Source material:
---------------

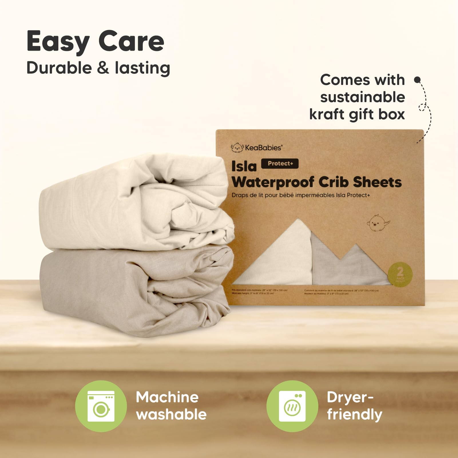• Waterproof Game Strong - The Isla Protect+ Fitted Crib Sheets feature a built-in waterproof lining that acts as a crib mattress protector, preventing stains and without the need for an extra bed cover, all without compromising on comfort.
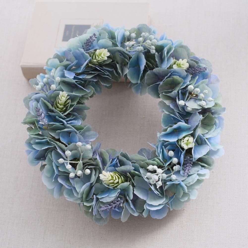 濃淡のある青色の紫陽花をふんわりあしらいました。
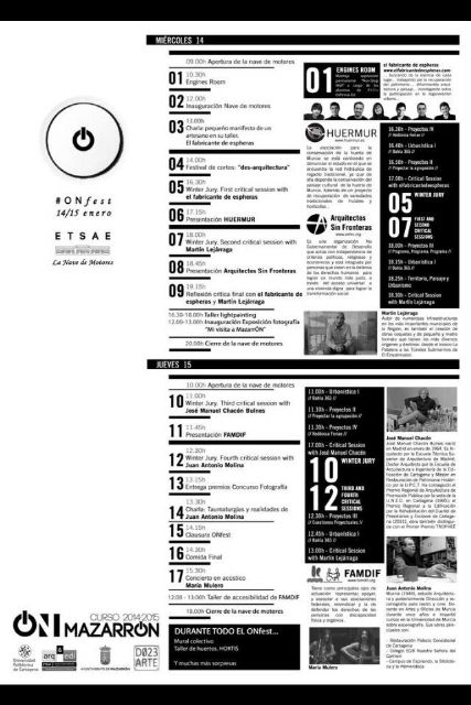 La Nave de los Motores abrirá sus puertas el miércoles 14 de enero a las 09:00 y hasta las 20:00 horas. El jueves 15 abrirá a las 10:00 y cerrará a las 18:00 horas. Entidades y asociaciones como Huermur, Famdif y Arquitectos Sin Fronteras participan en unas jornadas culturales que aglutinan música, un festival de cortos y diversas charlas relacionadas con la Arquitectura.

---------------

Task brief:
Retype nothing except the lines from the first line of the listing above through the line with "濃淡のある青色の紫陽花をふんわりあしらいました。", exactly as they stand, and no pictures.

Solution to this problem:
• Waterproof Game Strong - The Isla Protect+ Fitted Crib Sheets feature a built-in waterproof lining that acts as a crib mattress protector, preventing stains and without the need for an extra bed cover, all without compromising on comfort.
 濃淡のある青色の紫陽花をふんわりあしらいました。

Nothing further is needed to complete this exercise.